Layar pengakuan dosa  tampak mulai redup. Tak ada yang tahu scenario apa yang akan terjadi selanjutnya, sebelum Si Jubah Putih tiba- tiba muncul kembali. Ia datang kepadaku sembari membawa sebuah kapak yang  tanpa diterka, ia layangkan kapak itu tepat. Tepat menyayat leherku.

Aku tak menutup mata. Tak menjerit. Tak ada rasa sakit. Hanya terkejut. Sedikit rasa terkejut. Akhirnya, aku terbangun juga,dari mimpi buruk itu.

***

Sel penjara yang kini menjadi tempatku berpijak setelah sekian pekan, dirasa tetap saja terasa dingin. Kini tubuhku sudah tak kuat menompa lutut kakiku yang semakin menyusut. Aku sakit. Sepertinya cukup parah, karena kini, aku terpaksa memuntahkan darah. Ini yang ke lima belas sepanjang enam jam belakangan ini.

Aku takut kematian. Aku masih belum siap. Tapi, aku juga tak merasa akan ada secuil kebahagiaan yang tersisa jika aku masih ditakdirkan untuk  hidup.

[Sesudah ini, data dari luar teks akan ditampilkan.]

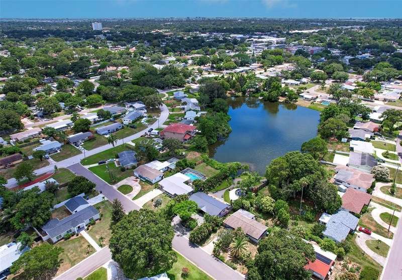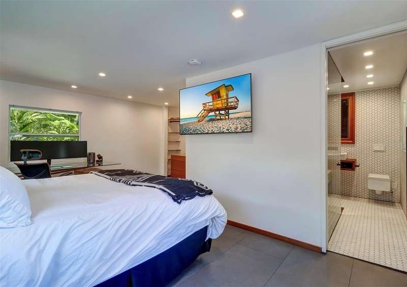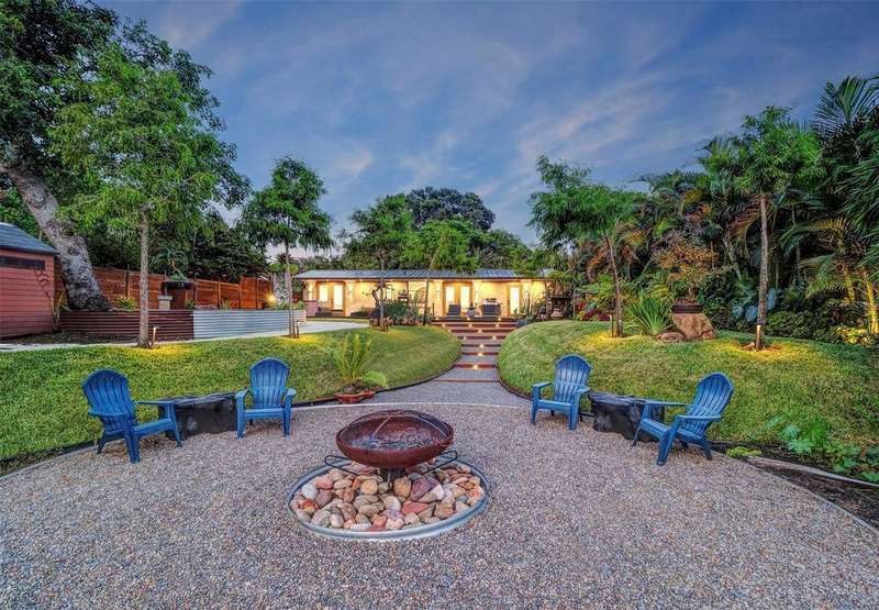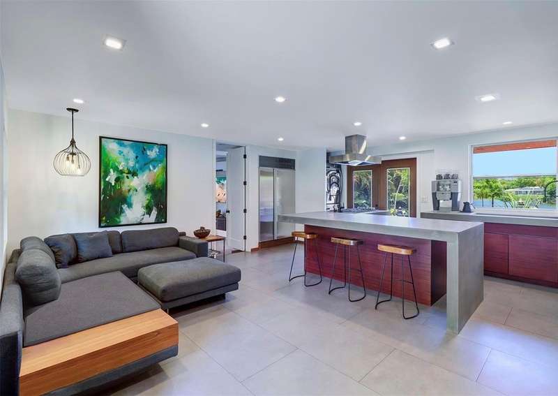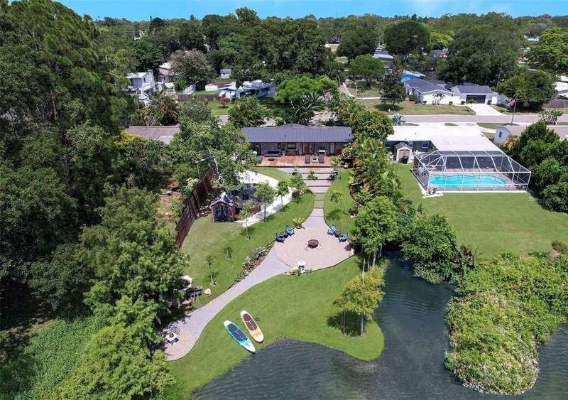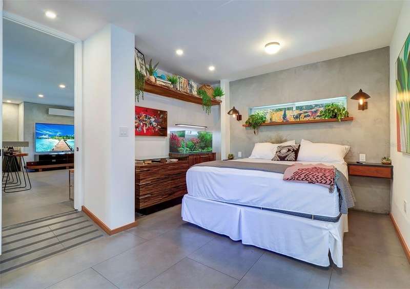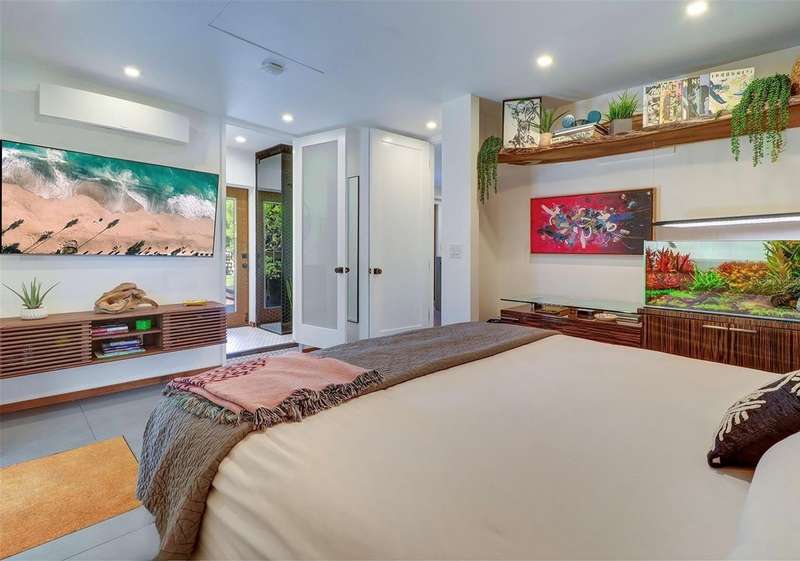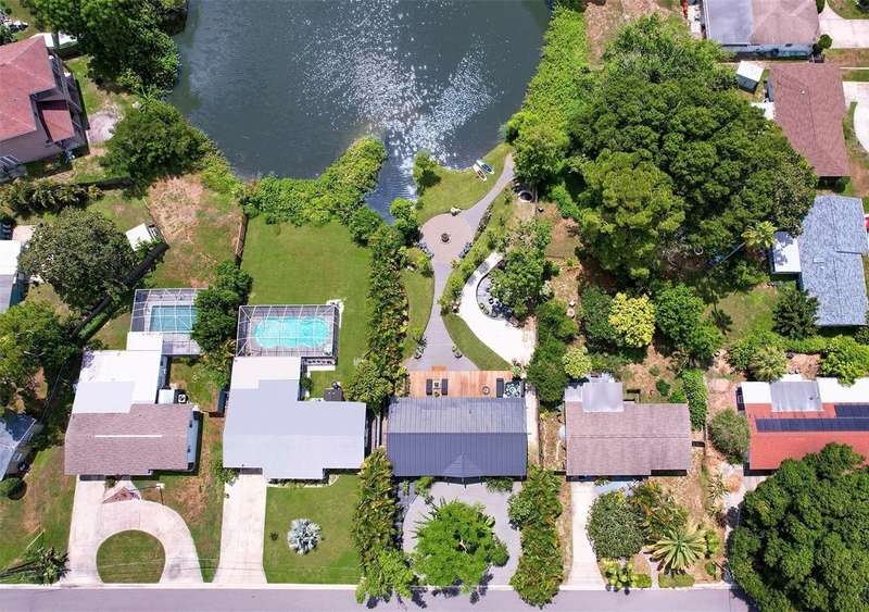 Tucked along the peaceful shores of a private lake, this masterfully renovated Mid-Century Modern residence, inspired by the timeless designs of Frank Lloyd Wright, effortlessly combines modern living with seamless indoor-outdoor connectivity. Defined by striking architectural lines and a large picture window that frames sweeping water views, the home invites an abundance of natural light, creating an atmosphere of serene elegance. Situated in a non-flood and non-evacuation zone, this property offers an unparalleled sense of privacy, ideal for paddle boarding or simply immersing yourself in the lush, picturesque surroundings. The chef’s kitchen is nothing short of extraordinary, featuring custom countertops, top-tier appliances, a built-in hibachi grill, and a prep sink—designed to inspire both the home cook and the culinary expert. French doors off the kitchen open to a spacious outdoor living area, perfect for al fresco dining or entertaining. The open-concept living spaces, with their bespoke finishes and impeccable attention to detail, epitomize refined craftsmanship, harmoniously combining form and function. Each of the home’s bedrooms offers a private entrance that leads directly to the lake, providing a peaceful retreat just steps from your door. Whether enjoying a morning coffee on your personal patio or relaxing in your lakeside sanctuary, these direct connections to the water enhance the home’s tranquil, restorative ambiance. The outdoor living space is designed for relaxation and entertainment, featuring a high-end above-ground spa, a conveniently placed outdoor grill for effortless year-round dining, and an elegant fire pit for cozy evenings by the water. Whether dining, soaking in the spa, or gathering around the fire, the lakeside setting provides the perfect backdrop for both peaceful reflection and lively gatherings. Updates, including a new metal roof, energy-efficient A/C, and a Kohler 20-watt generator offering up to 30 days of power backup, ensure that comfort and peace of mind are maintained year-round. Just minutes from vibrant downtown and the area’s pristine beaches, this home offers the rare opportunity to enjoy the perfect balance of secluded lakeside living with convenient access to all the cultural, dining, and recreational amenities. An extraordinary find for those seeking a lifestyle defined by luxury, privacy, and design.

 Aku duduk bersandarkan dinding berlumut. Meraba- raba pijakan lantai semen ruang inapku untuk mencari debu. Akupun bersuci dengan tayamum.

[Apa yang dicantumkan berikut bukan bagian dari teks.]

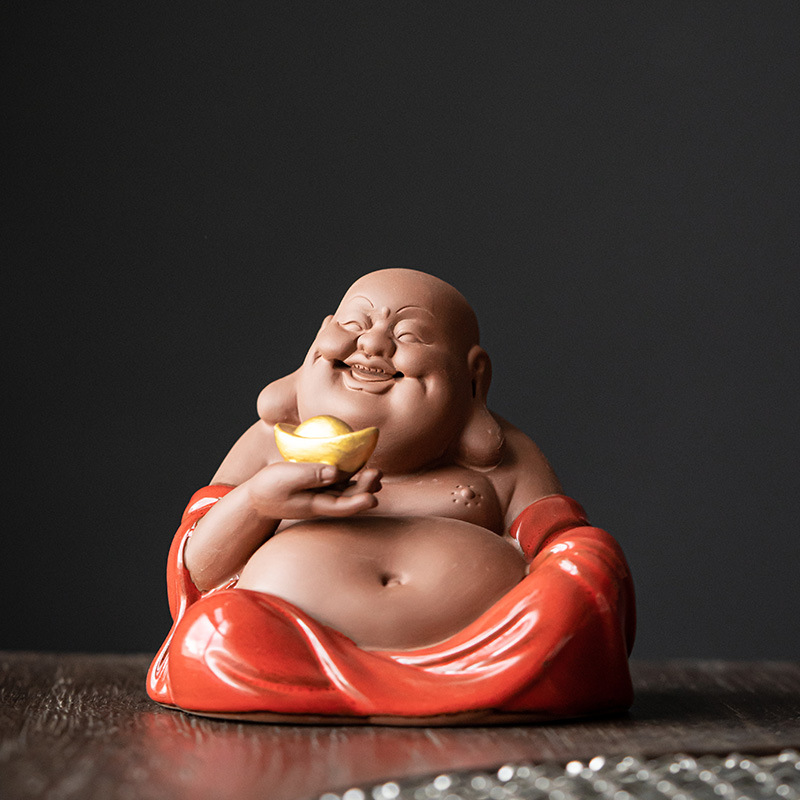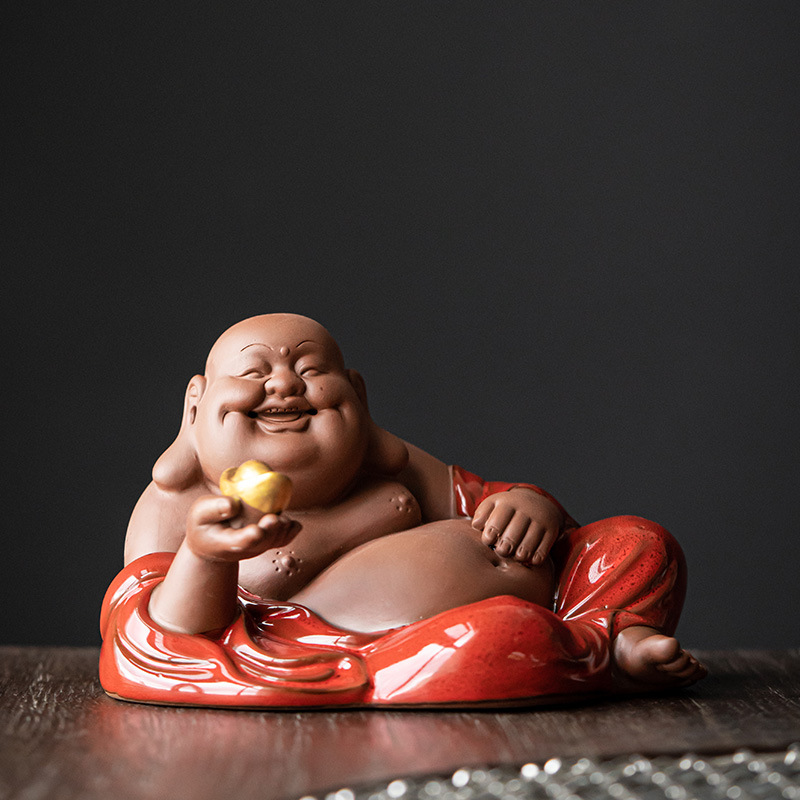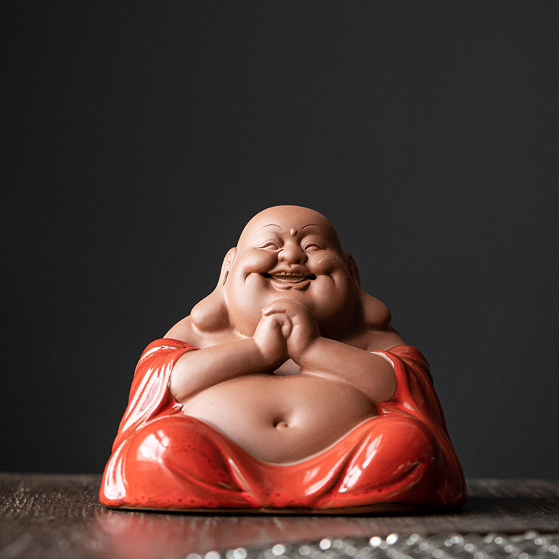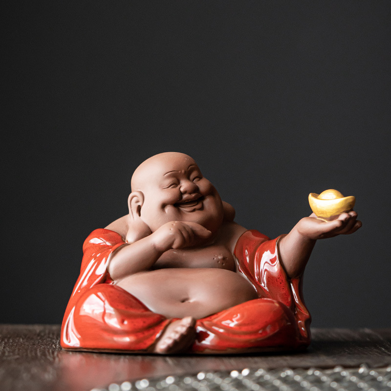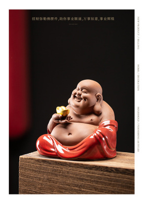 Red Ceramic Maitreya Buddha Laughing Buddha Statue Living Room Craft Art Desktop Decorative Item Zisha Tea Pet Lucky Money Shelf Accent

Kerongkonganku kering, Pandanganku buram dan hidungku mulai basah. Aku menangis dalam diam. Sungkan pula aku kepada Tuhan. Bagaimana nanti, ketika aku harus menghadap- Nya?

Jreeeet… Jreeet… Jreet….

Untuk yang kedua kalinya, aku mendengar suara itu. Ia datang lagi. Menembus jeruji besi lagi.  Kali ini  jubahnya tak putih.

Hitam.

Aku berusaha tersenyum. Kupaksakan dengan keras agar pertanyaan itu kini dapat meluncur mulus dari bibir pucatku,

Haruskah Anda……

Haruskah Anda……

Haruskah Anda membawa aku,  pergi ke neraka?

***

(Oleh: Zilfania AM-pernah dimuat di Majalah Magnet) 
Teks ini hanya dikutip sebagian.